1911 Encyclopedia Britannica

James Gillespie Blaine

JAMES GILLESPIE BLAINE (1830-1893), American statesman, was born in West Brownsville, Pennsylvania, on the 31st of January 1830, of sturdy Scottish-Irish stock on the side of his father. He was the great-grandson of Colonel Ephraim Blaine (1741-1804), who during the War of Independence served in the American army, from 1778 to 1782 as commissary-general of the Northern Department. With many early evidences of literary capacity and political aptitude, J. G. Blaine graduated at Washington College in Washington, Pennsylvania, in 1847, and subsequently taught successively in the Military Institute, Georgetown, Kentucky, and in the Institution for the Blind at Philadelphia. During this period, also, he studied law. Settling in Augusta, Maine, in 1854, he became editor of the Kennebec Journal, and subsequently of the Portland Advertiser. But his editorial work was soon abandoned for a more active public career. He was elected to the lower house of the state legislature in 1858, and served four years, the last two as speaker. He also became chairman of the Republican state committee in 1859, and for more than twenty years personally directed every campaign of his party.

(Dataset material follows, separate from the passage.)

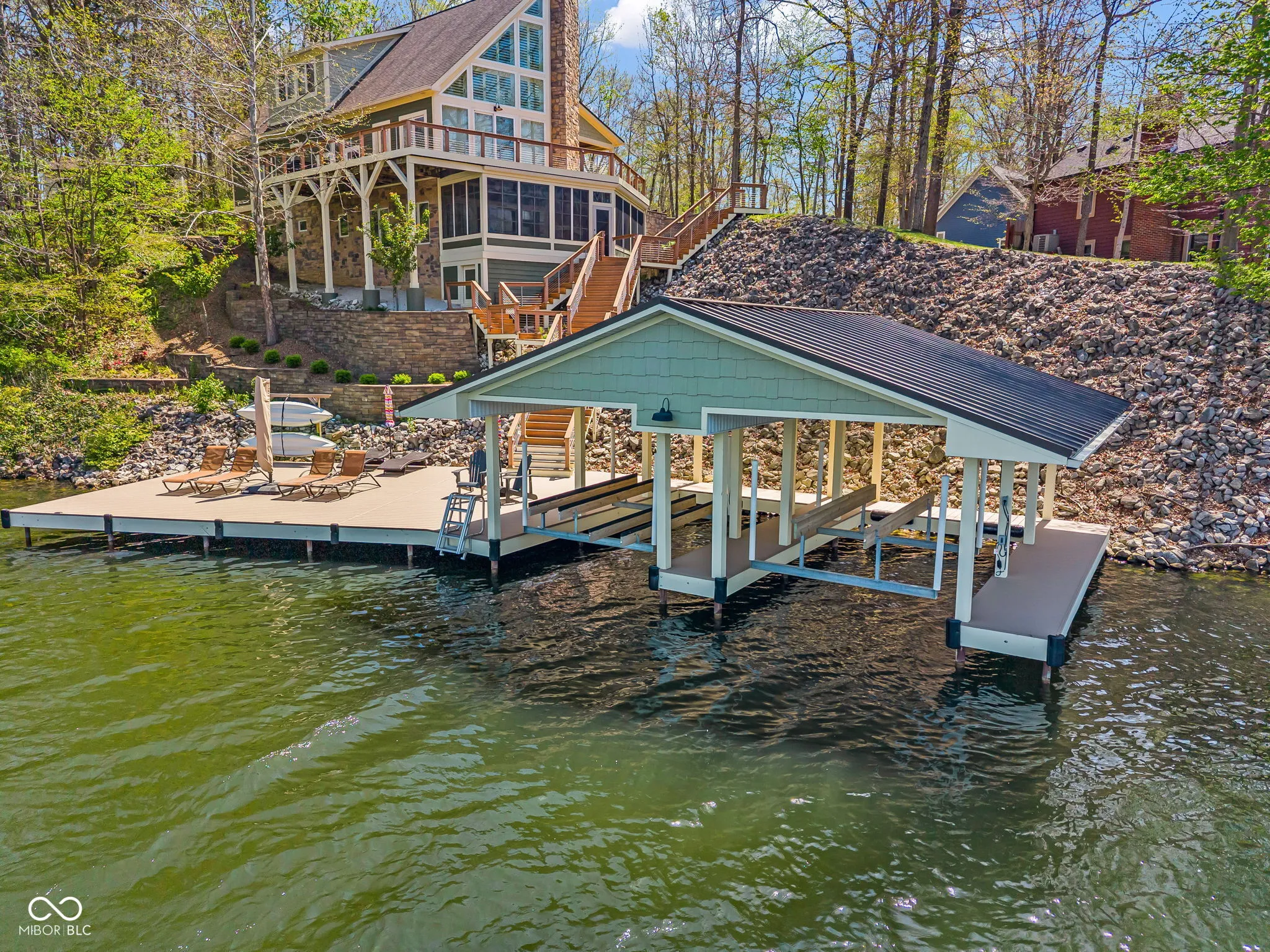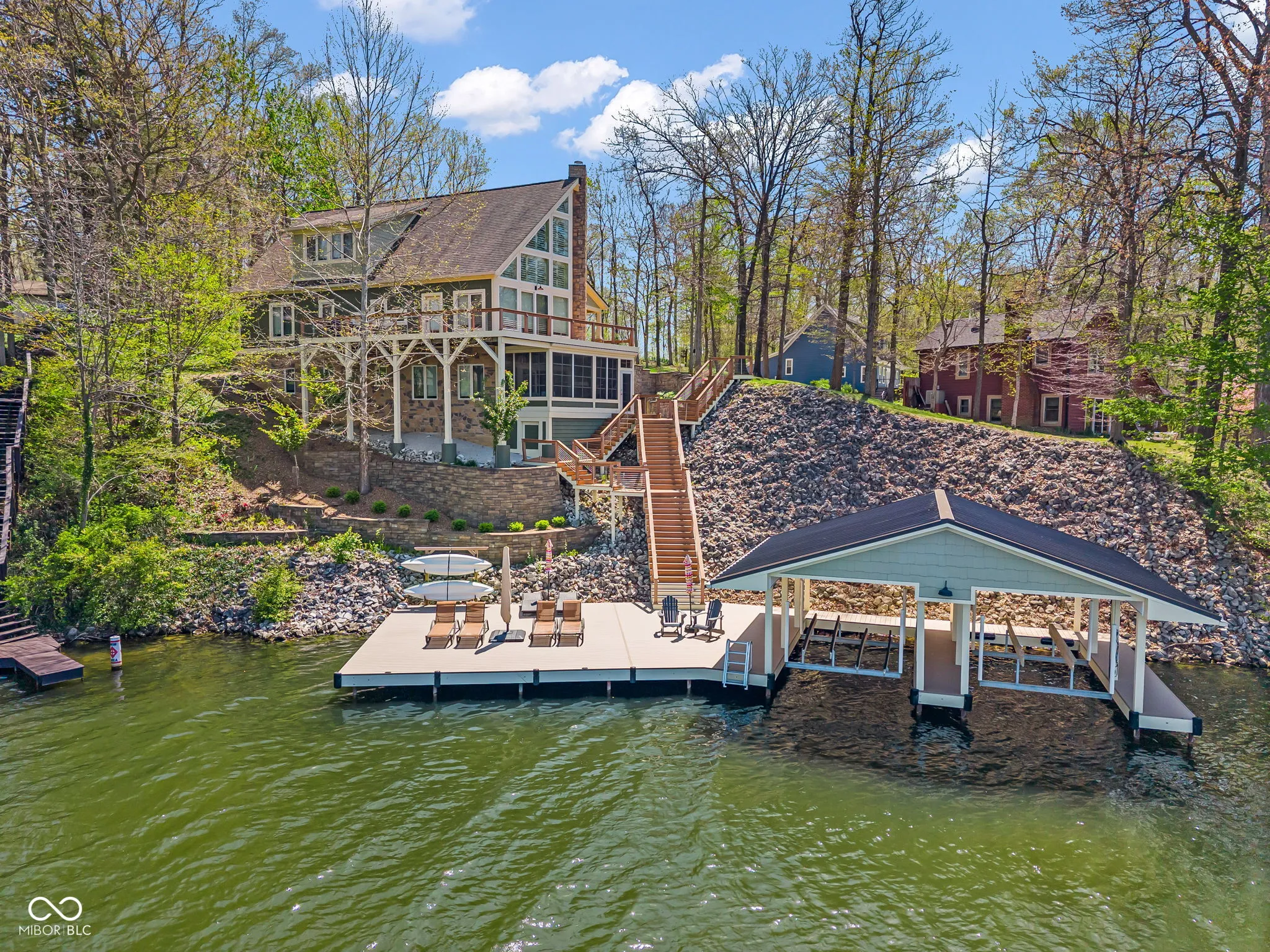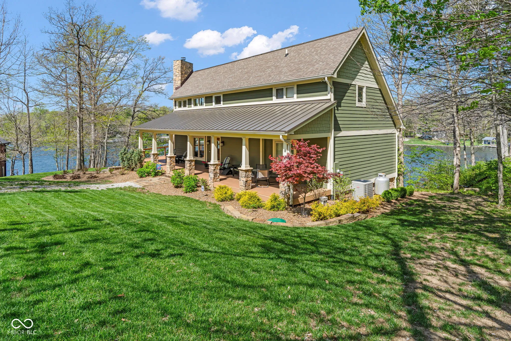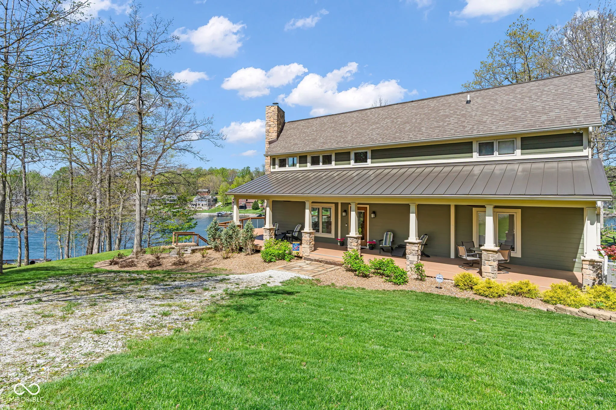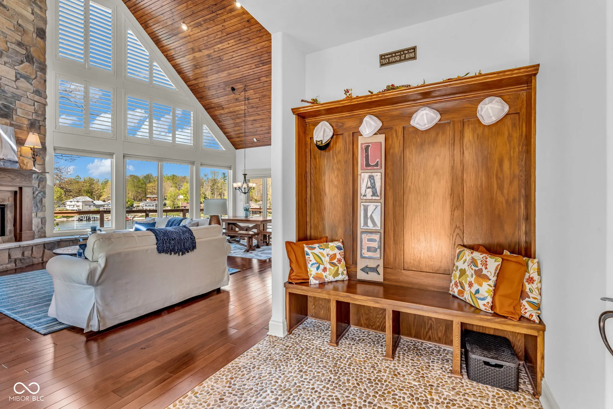 Welcome to 310 Victory Hill, an extraordinary custom-built lakefront home positioned on the main body of Heritage Lake. Offered for the first time, this one-owner residence features three levels of thoughtfully designed living with breathtaking water views throughout. A welcoming covered front porch sets the tone for relaxed lake living. Inside, you’re greeted by a custom boot bench and a stunning great room with vaulted wood slat ceilings, wood floors and expansive windows overlooking the lake. The kitchen is beautifully appointed with custom cabinetry, granite countertops, stainless steel appliances, and remote-controlled shutters for added convenience. The main level offers two generously sized bedrooms and a full bath with heated tile floors, double sinks, and a walk-in shower. Upstairs, the private primary suite includes an office nook, a spacious bedroom with incredible lake views, and a spa-like bath with a garden tub, separate cultured marble shower, double vanity, and heated tile floors. The fully finished walk-out lower level is ideal for entertaining or multi-generational living, featuring a large family room with custom lockers, a second full kitchen, additional bedroom, full bath with heated tile floors, and a screened-in patio with fireplace overlooking the water. A large laundry room and mechanical space complete the lower level. Outdoor living is unmatched with wraparound Trex deck for low-maintenance enjoyment and a newer dock with boathouse and lifts. This home is being offered fully furnished, including linens, housewares, and a pontoon,truly turnkey. Even the custom 16 ft. Christmas tree stays. A rare opportunity to own a premier lakefront property. Schedule your private showing today and experience lake living at its finest.
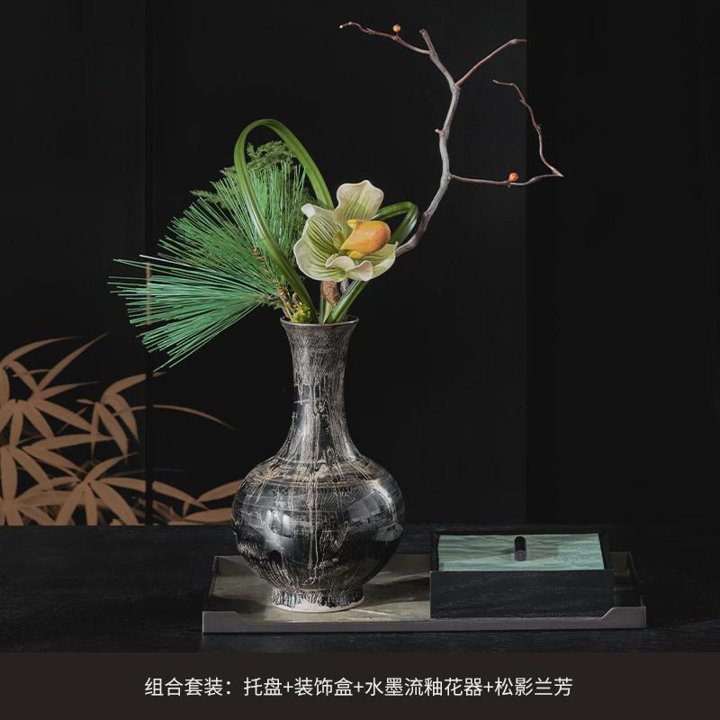 新中式古典陶瓷大花瓶高级感摆件装饰插花托盘客厅盒软装搭配设计

In 1862 he was elected to Congress, serving in the House thirteen years (December 1863 to December 1876), followed by a little over four years in the Senate. He was chosen speaker of the House in 1869 and served three terms. The House was the fit arena for his political and parliamentary ability. He was a ready and powerful debater, full of resource, and dexterous in controversy. The tempestuous politics of the war and reconstruction period suited his aggressive nature and constructive talent. The measures for the rehabilitation of the states that had seceded from the Union occupied the chief attention of Congress for several years, and Blaine bore a leading part in framing and discussing them. The primary question related to the basis of representation upon which they should be restored to their full rank in the political system. A powerful section contended that the basis should be the body of legal voters, on the ground that the South could not then secure an increment of political powet on account of the emancipated blacks unless these blacks were admitted to political rights. Blaine, on the other hand, contended that representation should be based on population instead of voters, as being fairer to the North, where the ratio of voters varied widely, and he insisted that it should be safeguarded by security for impartial suffrage. This view prevailed, and the Fourteenth Amendment to the Constitution was substantially Blaine's proposition. In the same spirit he opposed a scheme of military governments for the southern states, unless associated with a plan by which, upon the acceptance of prescribed conditions, they could release themselves from military rule and resume civil government. He was the first in Congress to oppose the claim, which gained momentary and widespread favour in 1867, that the public debt, pledged in coin, should be paid in greenbacks. The protection of naturalized citizens who, on return to their native land, were subject to prosecution on charges of disloyalty, enlisted his active interest and support, and the agitation, in which he was conspicuous, led to the treaty of 1870 between the United States and Great Britain, which placed adopted and native citizens on the same footing.

As the presidential election of 1876 approached, Blaine was clearly the popular favourite of his party. His chance for securing the nomination, however, was materially lessened by persistent charges which were brought against him by the Democrats that as a member of Congress he had been guilty of corruption in his relations with the Little Rock & Fort Smith and the Northern Pacific railways.' By the majority of Republicans, at least, he was considered to have cleared himself completely, and in the Republican national convention he missed by only twenty-eight votes the nomination for president, being finally beaten by a combination of the supporters of all the other candidates. Thereupon he entered the Senate, where his activity was unabated. Currency legislation was especially prominent. Blaine, who had previously opposed greenback inflation now resisted depreciated silver coinage. He was the earnest champion of the advancement of American shipping, and advocated liberal subsidies, insisting that the policy of protection should be applied on sea as well as on land. The Republican national 1 This attack led to a dramatic scene in the House, in which Blaine fervidly asseverated his denial.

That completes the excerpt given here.